EXERCISE AIM —
Go to the line holding "[중앙뉴스라인, 우제헌기자] 윤석열" in the data below and repeat it exactly, then each line after it up to and including the one holding "豪瑞(四川)企業(yè)管理". Omit pictures.

MATERIAL TO PROCESS —
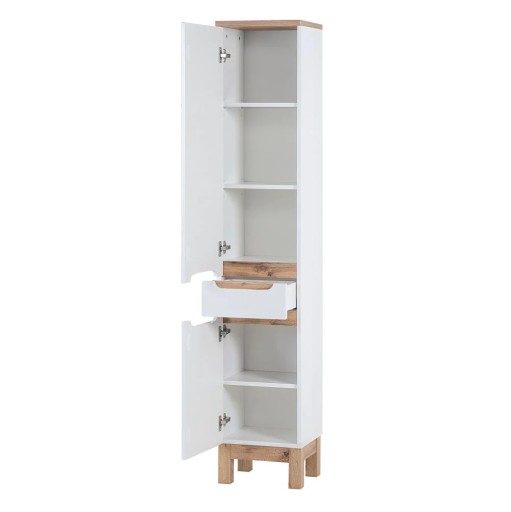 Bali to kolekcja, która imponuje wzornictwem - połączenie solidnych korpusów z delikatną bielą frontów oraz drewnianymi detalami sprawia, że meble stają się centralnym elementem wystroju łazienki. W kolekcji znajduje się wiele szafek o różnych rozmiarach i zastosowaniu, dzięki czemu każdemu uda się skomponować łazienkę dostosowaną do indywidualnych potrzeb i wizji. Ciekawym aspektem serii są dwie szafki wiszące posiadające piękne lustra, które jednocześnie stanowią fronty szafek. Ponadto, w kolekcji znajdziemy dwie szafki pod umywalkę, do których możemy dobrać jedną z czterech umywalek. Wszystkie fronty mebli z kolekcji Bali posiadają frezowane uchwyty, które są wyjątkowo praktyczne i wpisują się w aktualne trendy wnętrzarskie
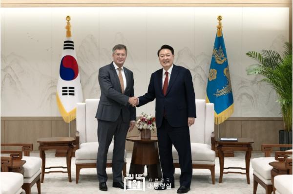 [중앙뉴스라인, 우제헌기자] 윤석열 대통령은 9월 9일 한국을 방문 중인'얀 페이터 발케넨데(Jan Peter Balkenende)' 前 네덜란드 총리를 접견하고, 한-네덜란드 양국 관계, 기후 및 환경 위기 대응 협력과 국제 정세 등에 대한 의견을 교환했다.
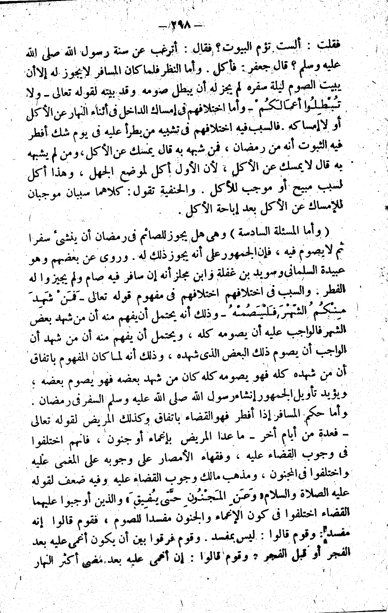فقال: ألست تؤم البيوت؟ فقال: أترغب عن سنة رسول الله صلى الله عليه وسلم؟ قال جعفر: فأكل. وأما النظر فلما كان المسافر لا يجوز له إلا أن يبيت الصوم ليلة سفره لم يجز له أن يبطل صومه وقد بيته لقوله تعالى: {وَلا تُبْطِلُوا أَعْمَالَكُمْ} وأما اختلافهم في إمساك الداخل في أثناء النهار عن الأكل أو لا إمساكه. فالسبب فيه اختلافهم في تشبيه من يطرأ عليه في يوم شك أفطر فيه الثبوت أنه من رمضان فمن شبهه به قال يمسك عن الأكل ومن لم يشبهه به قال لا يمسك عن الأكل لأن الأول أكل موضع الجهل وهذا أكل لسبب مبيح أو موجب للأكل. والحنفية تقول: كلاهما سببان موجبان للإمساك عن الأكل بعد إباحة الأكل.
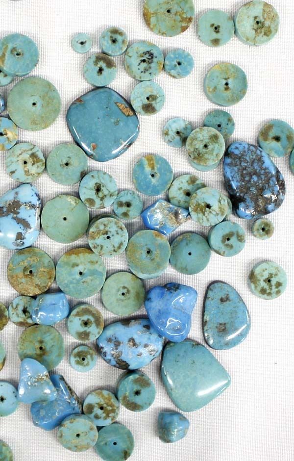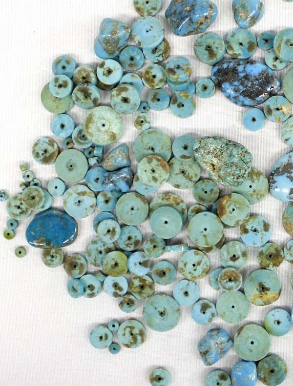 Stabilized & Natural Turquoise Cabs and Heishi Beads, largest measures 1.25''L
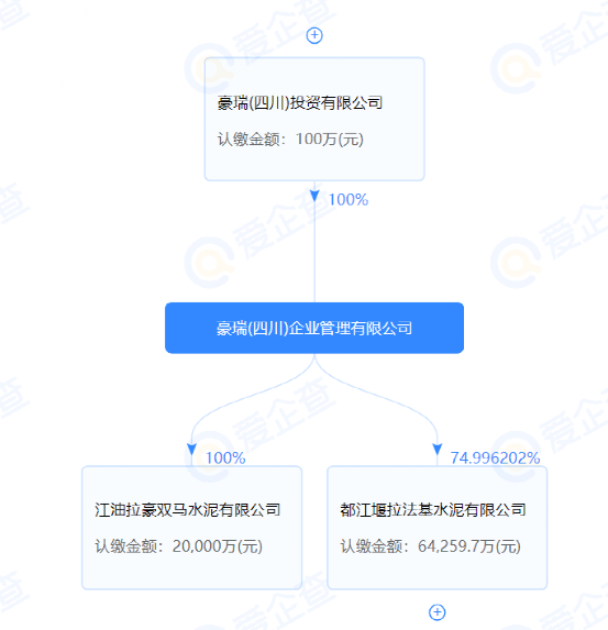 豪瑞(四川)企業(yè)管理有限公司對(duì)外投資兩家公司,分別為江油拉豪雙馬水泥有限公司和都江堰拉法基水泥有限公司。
--
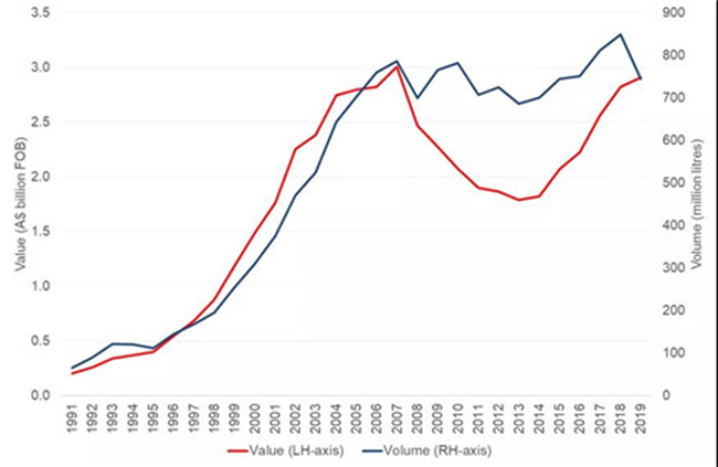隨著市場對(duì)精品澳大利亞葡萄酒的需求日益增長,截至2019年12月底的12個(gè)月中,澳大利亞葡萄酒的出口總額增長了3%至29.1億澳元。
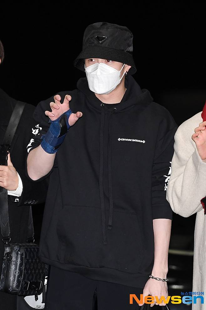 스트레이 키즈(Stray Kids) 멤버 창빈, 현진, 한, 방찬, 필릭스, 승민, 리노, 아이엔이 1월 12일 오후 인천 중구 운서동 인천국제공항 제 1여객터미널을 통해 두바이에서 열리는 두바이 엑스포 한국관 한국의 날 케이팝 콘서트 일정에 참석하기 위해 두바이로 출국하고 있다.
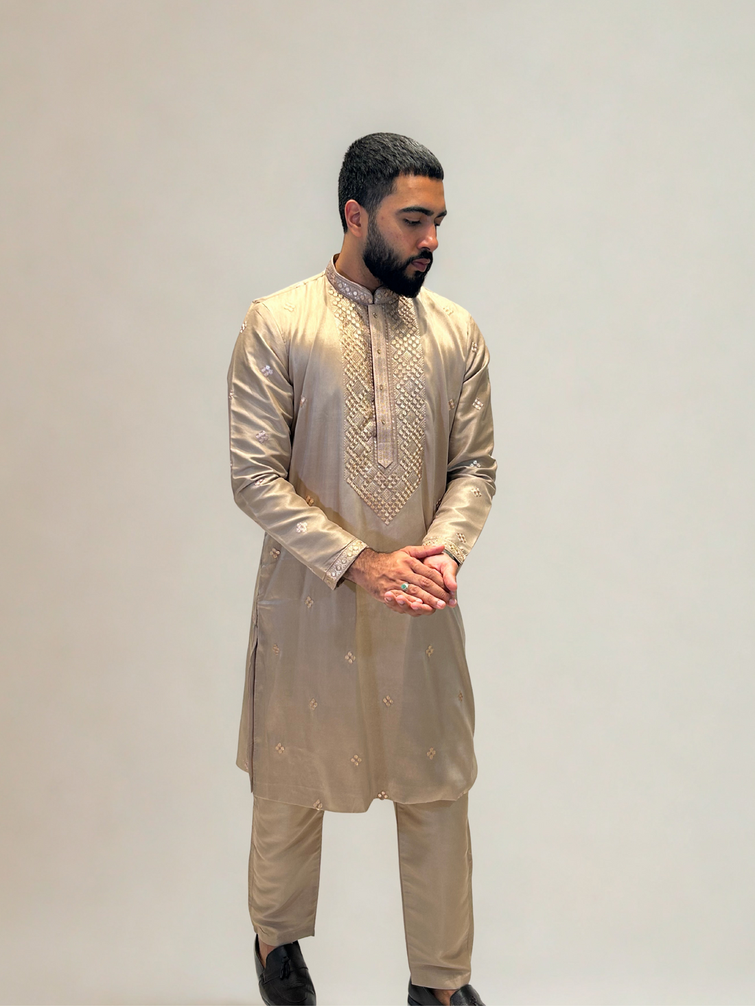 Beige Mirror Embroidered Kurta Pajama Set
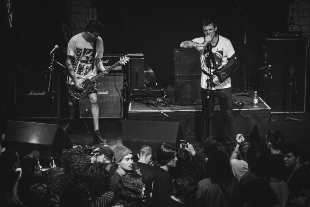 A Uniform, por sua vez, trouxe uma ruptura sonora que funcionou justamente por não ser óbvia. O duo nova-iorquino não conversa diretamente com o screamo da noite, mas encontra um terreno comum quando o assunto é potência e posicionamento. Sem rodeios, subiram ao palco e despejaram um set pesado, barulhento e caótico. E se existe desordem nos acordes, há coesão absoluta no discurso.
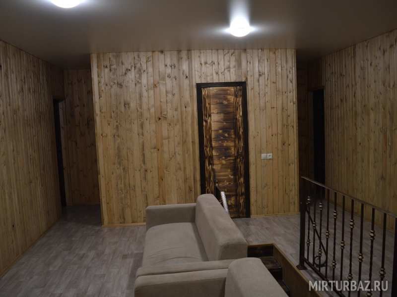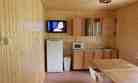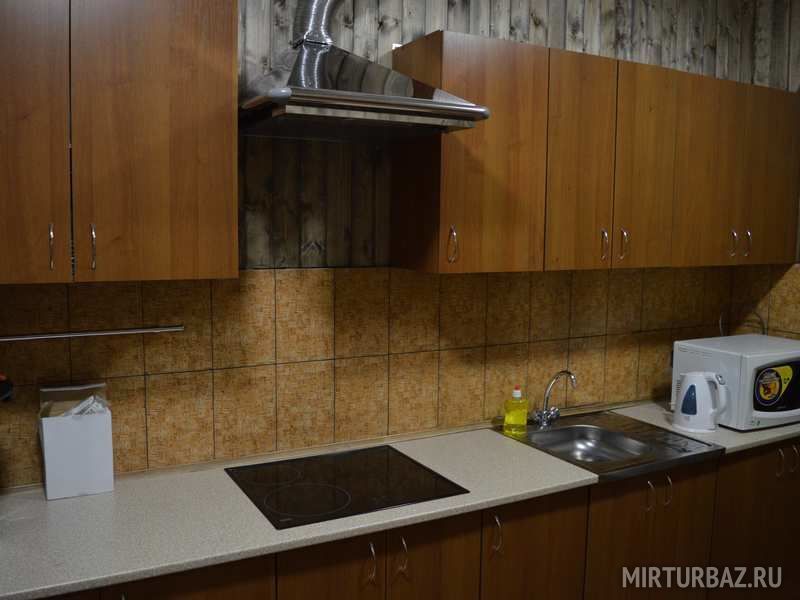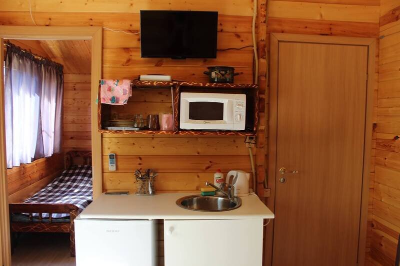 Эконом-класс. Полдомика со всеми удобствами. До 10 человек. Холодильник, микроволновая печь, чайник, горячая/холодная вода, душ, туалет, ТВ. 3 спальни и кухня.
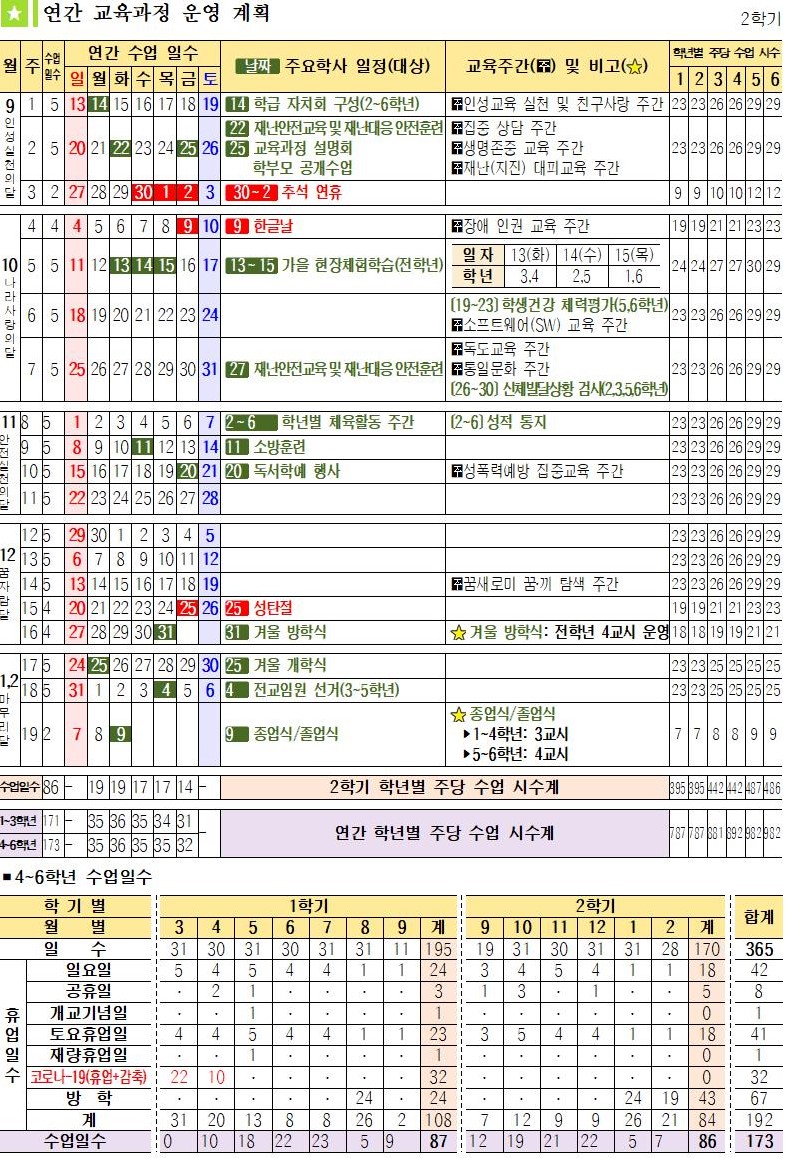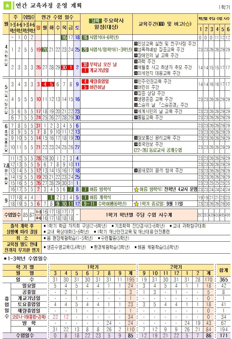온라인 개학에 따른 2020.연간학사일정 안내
...
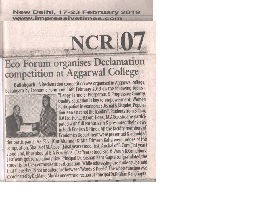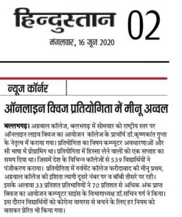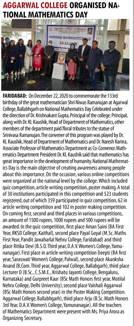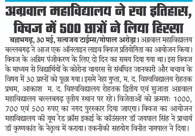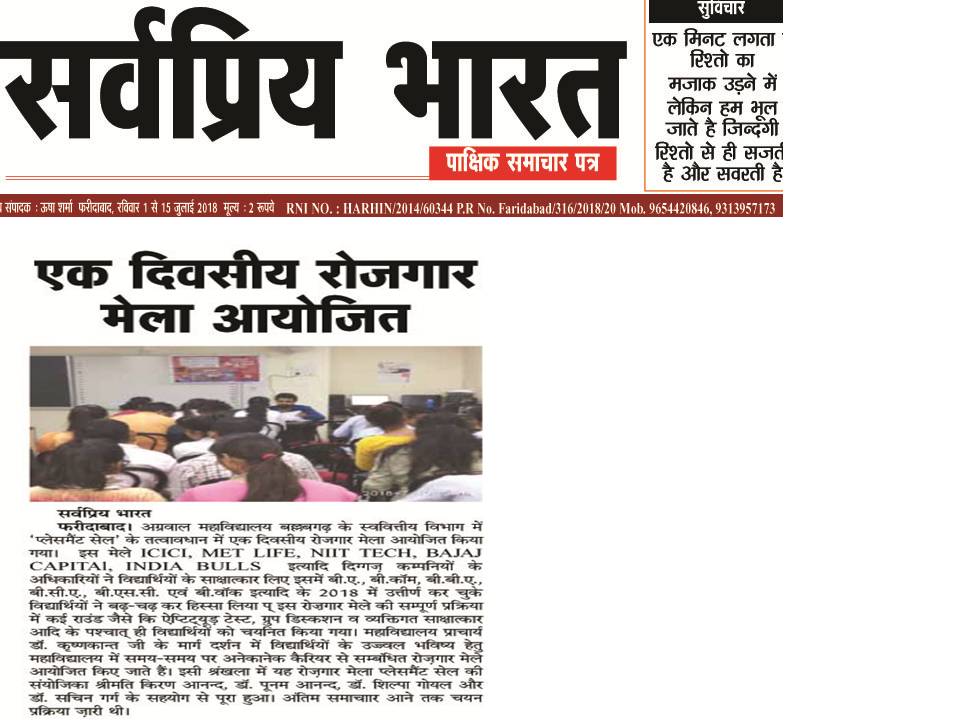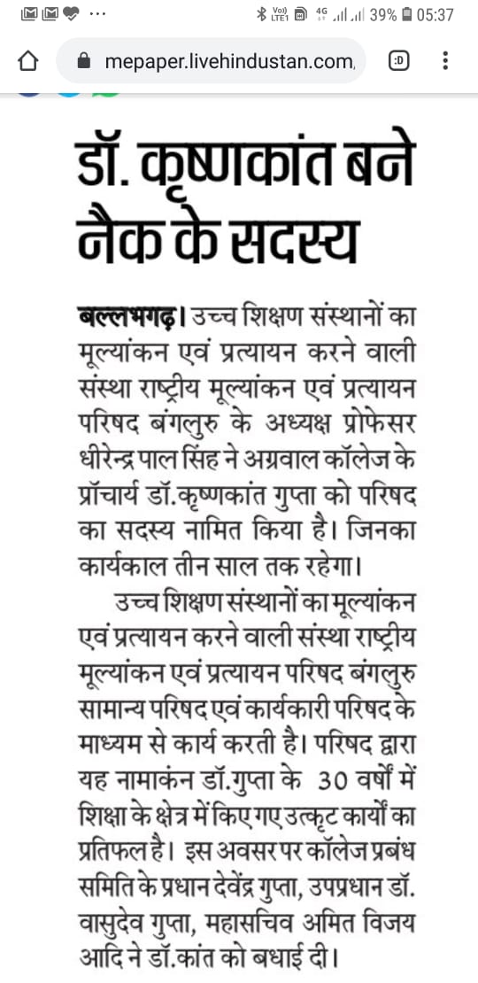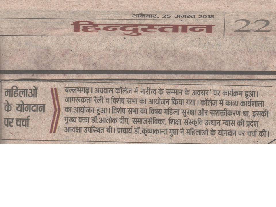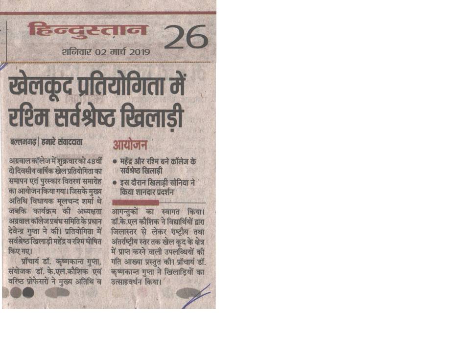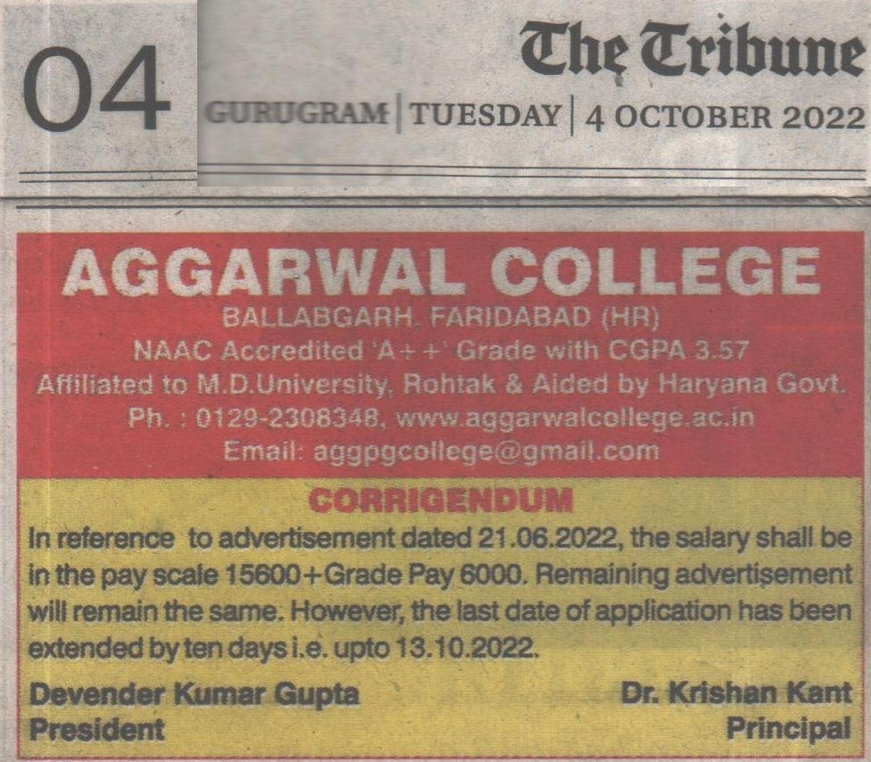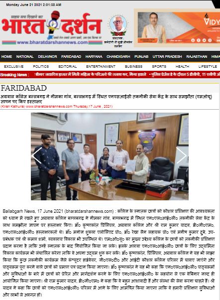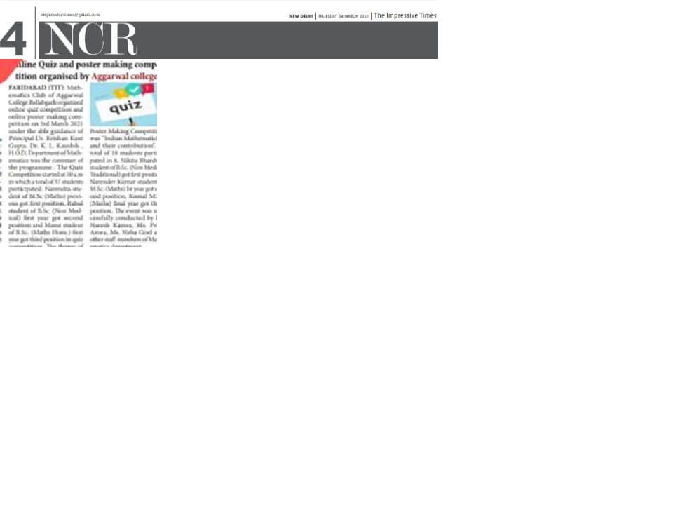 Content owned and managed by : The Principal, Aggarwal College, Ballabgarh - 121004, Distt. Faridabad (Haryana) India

OUTPUT FOR THIS TASK —
 [중앙뉴스라인, 우제헌기자] 윤석열 대통령은 9월 9일 한국을 방문 중인'얀 페이터 발케넨데(Jan Peter Balkenende)' 前 네덜란드 총리를 접견하고, 한-네덜란드 양국 관계, 기후 및 환경 위기 대응 협력과 국제 정세 등에 대한 의견을 교환했다.
فقال: ألست تؤم البيوت؟ فقال: أترغب عن سنة رسول الله صلى الله عليه وسلم؟ قال جعفر: فأكل. وأما النظر فلما كان المسافر لا يجوز له إلا أن يبيت الصوم ليلة سفره لم يجز له أن يبطل صومه وقد بيته لقوله تعالى: {وَلا تُبْطِلُوا أَعْمَالَكُمْ} وأما اختلافهم في إمساك الداخل في أثناء النهار عن الأكل أو لا إمساكه. فالسبب فيه اختلافهم في تشبيه من يطرأ عليه في يوم شك أفطر فيه الثبوت أنه من رمضان فمن شبهه به قال يمسك عن الأكل ومن لم يشبهه به قال لا يمسك عن الأكل لأن الأول أكل موضع الجهل وهذا أكل لسبب مبيح أو موجب للأكل. والحنفية تقول: كلاهما سببان موجبان للإمساك عن الأكل بعد إباحة الأكل.
 Stabilized & Natural Turquoise Cabs and Heishi Beads, largest measures 1.25''L
 豪瑞(四川)企業(yè)管理有限公司對(duì)外投資兩家公司,分別為江油拉豪雙馬水泥有限公司和都江堰拉法基水泥有限公司。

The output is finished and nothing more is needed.